A number of authors have developed models to account for variable selective pressures among amino acid sites in the protein, similarly to the site models in CODEML. An ML method assigns and estimates a free ω ratio for every codon site in the gene, and applies an LRT of the null hypothesis ω = 1 using data at one site. This approach is followed by the sitewise likelihood ratio method of Massingham and Goldman (2005) in the SLR program or the fixed-effects likelihood (FEL) method in HyPhy (Kosakovsky Pond et al. 2005); see also Suzuki (2004). A difficulty with this procedure, however, is its use of many parameters in the model (with one ω parameter for every site), but it may be effective if a large number of sequences are available in the alignment.
The program HyPhy implements several models that are similar to the site and branch-site models in Codeml. The site models implemented in HyPhy (Kosakovsky Pond et al. 2005; see also Mayrose et al. 2007) use three site classes for synonymous rates as well as three site classes for nonsynonymous rates, which allows the synonymous rate to vary among sites, a feature which some argue is important (Wisotsky et al. 2020). Posterior probabilities that each site belongs to those site classes are calculated using the NEB approach of Nielsen and Yang (1998), allowing positive-selection sites with ω > 1 to be identified. The mixed effects model of evolution (MEME) (Murrell et al. 2012) and the adaptive branch-site random effects (aBSREL) model (Smith et al. 2015) in HyPhy allow the ω ratio to vary both among lineages and among sites, similar to the branch-site model discussed in this protocol. However, these models do not require the foreground branches to be specified a priori, and instead search for lineages along which some sites appear to be under positive selection with ω > 1. This approach may be effective for exploratory data analysis, but caution should be exercised in the interpretation of the LRT (Murrell et al. 2012). Note that in standard hypothesis testing, the null hypothesis should be formulated a priori and should not be derived from the data, which are in turn used to test the hypothesis.
A more efficient implementation of the branch-site model A is available in FastCodeML (Valle et al. 2014). The parallel version may be 100 times more efficient than CODEML, making it feasible to analyze large phylogenomic data sets. Several online tools and resources with friendly graphical user interfaces (GUIs) have integrated CODEML as a tool for detecting positive selection. For example, EasyCodeML (Gao et al. 2019) is a wrapper for CODEML, so that the user does not have to run CODEML at the command line. Similarly, ete-evol uses preconfigured evolutionary models in CODEML and SLR to automate the analyses in a parallel manner, as well as an in-built LRT and facilities for plotting the results (Huerta-Cepas et al. 2016).
Assumptions, Limitations, and Perspectives
The branch models, site models, and branch-site models discussed in this protocol are among the simplest models of codon substitution. They are commonly used in analysis of genomic sequence data to detect genes or sites potentially under positive selection driving adaptation at the molecular level. Our protocol is aimed at beginners, and we do not attempt to provide a comprehensive coverage of the topic. The interested reader may refer to many reviews that discuss the theory, limitations, and applications of those models, such as Yang and Bielawski (2000), Nielsen (2001), Anisimova and Kosiol (2009), Chapter 12 of Yang (2014), and the edited book by Cannarozzi and Schneider (2012), as well as the CODEML program manual and our GitHub repository with the code and data needed to reproduce the results described in this protocol.

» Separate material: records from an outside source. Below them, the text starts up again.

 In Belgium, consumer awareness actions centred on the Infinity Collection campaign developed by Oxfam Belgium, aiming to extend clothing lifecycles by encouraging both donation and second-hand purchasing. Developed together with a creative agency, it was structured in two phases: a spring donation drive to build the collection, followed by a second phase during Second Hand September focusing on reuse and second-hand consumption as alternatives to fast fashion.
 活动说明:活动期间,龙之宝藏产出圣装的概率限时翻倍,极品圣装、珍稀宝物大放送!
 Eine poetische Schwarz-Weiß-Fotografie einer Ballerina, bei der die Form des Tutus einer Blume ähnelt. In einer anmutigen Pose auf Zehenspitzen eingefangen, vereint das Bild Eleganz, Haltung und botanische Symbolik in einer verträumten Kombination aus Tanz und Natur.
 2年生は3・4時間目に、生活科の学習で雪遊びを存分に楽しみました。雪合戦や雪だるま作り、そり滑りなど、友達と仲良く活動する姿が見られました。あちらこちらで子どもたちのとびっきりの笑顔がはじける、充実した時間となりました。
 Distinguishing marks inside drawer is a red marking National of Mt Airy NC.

Like any statistical test of hypothesis, tests of positive selection discussed here may suffer from two types of errors: the false negative error (or lack of power) and the false positive error. A few simulations have been conducted to examine both types of errors for tests based on the site models and the branch-site models discussed in this protocol (e.g., Anisimova and Yang 2007). Note that all positive selection tests consider excessive nonsynonymous substitutions—beyond the expectation based on the genetic code table and on features of the mutation process at the DNA level—as the evidence for positive selection acting on a given protein. Given the constraints on any functional protein, episodic positive selection may not elevate the nonsynonymous rate high enough for the signal to be detected, in which case the test will have low power. When a test under the site or the branch-site model returns a nonsignificant result, the lack of power of the test could always explain such results. Similarly, when the assumptions of the underlying models are seriously violated, the test may produce excessive false positives (Anisimova and Yang 2007).

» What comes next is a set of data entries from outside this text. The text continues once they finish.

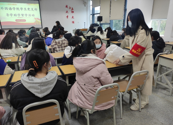 为深入学习宣传贯彻党的二十大精神,推动学习贯彻走深走实,同时持续推进为同学们办实事,2022年12月2日下午,点点taptap在综合教学楼专业五教室开展了“学习党的二十大系列主题活动--新生导学助学督学活动”。党的二十大精神宣讲由员工党支部书记杨芳主讲,经验分享由党支部入党积极分子(三好员工)曾晨、简罗银、王方丽、张飞同志负责,2022级全体新生78人参加。
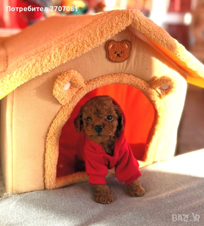той пуделчета, които нямат никаква смесица с други породи, чист цвят, а родителите може да видите на снимките. Разполагаме с две момичета и две момчета. Едното момиче вече е капарирано. Кученцата се дават с две или три ваксини, с една ваксина НЕ ДАВАМЕ КУЧЕ. Те са вътрешно обезпаразитени с Прококс. Храним ги с хубава храна и се грижим отлично за тях. Преди да вземете кученцето ние правим тройния тест - Корона, Паровироза и Корона. След закупуването му, ние сме винаги на разположение за въпроси. Ежегодно организираме пуделски срещи на които обменяме опит и превръщаме срещата в истинска забава. С кученцето вървят и инструкции за отглеждането му. Нашите кучета са гледани по най-добрият начин, ваксинирани, обгрижвани. Даваме им имуностимуланти Ветомуун. Ние не разчитаме, че ще се привържете към кучето и ще забравите, че сте искали ТОЙ, а той е станал/а МИНИ, или искате МИНИ, а той е станал среден. Когато си купите от нас куче, то е такова каквото сте искали и очаквали. Може да предоставим и препоръки от наши клиенти. Нашите мъничета не се гледат в клетки, а в специални кошарки, водата, пелените се сменят през два часа! Стаите поддържат температура, която е здравословна за бебетата и майката, разполагаме с инфрачервени лампи, климатик и подово отопление. Бащата е висок е 26 см и тежи 3.5 кг., внос от Русия, а майката е висока 27 см и тежи 4 кг. Ние отглеждаме пудели от 15 години и знаем роднините на кучето от три поколения! Не правим смесеци, нито с различни породи, нито смесваме ТОЙ с МИНИ или обратното. Кученцата ще могат да отидат при новите семейства през юни. Ако решите да вземете куче от нас капарирате го, ние даваме ДОГОВОР, който пази Вашите права, нашити, както и правата на кученцето.
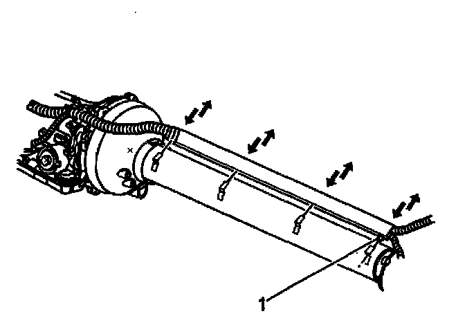 38. Release the retainer (1) securing (and positioning) the wiring harness to the L-shaped brackets along the driveline support assembly, then slide the harness up out of the brackets and position out of the way.
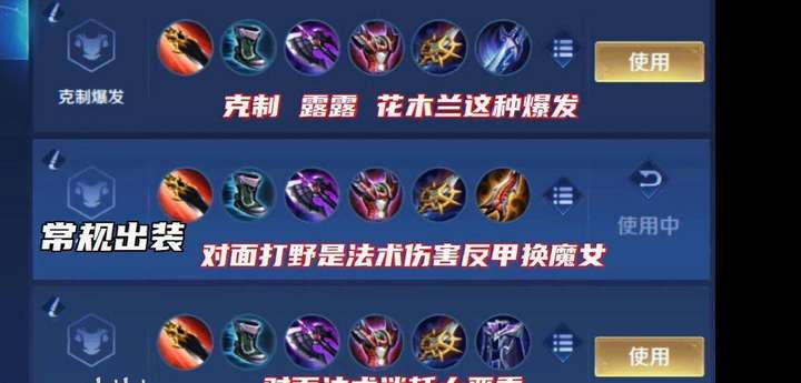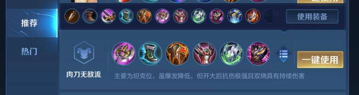 肉刀抗傷流:這套出裝給我們的收益是犧牲我們的輸出,提高我們的生存率,前期刷野速度加快。這套出裝相比于暴擊流的容錯率更高

First, all models assume that the alignment is correct. Note that excessive alignment errors have been noted to cause false positives for tests based on the site models in simulations (Fletcher and Yang 2010). In particular, some alignment methods tend to lump nonhomologous sites into one column, creating apparent nonsynonymous substitutions at the site, and so it may be prudent to remove regions that are difficult to align before inferring the gene alignment. Alternatively, an approach to align the sequences and fit the codon models jointly using a model of insertions and deletions as well as codon-substitution models could be used, as in the program BAli-Phy (Redelings 2021). Unfortunately, this may not be computationally feasible for large data sets. Interestingly, regions of the proteins undergoing adaptive evolution with many nonsynonymous substitutions (e.g., the hypervariable region of the HIV env gene) are noted to also have many insertions and deletions, suggesting that insertion and deletion mutations may also be under positive selection.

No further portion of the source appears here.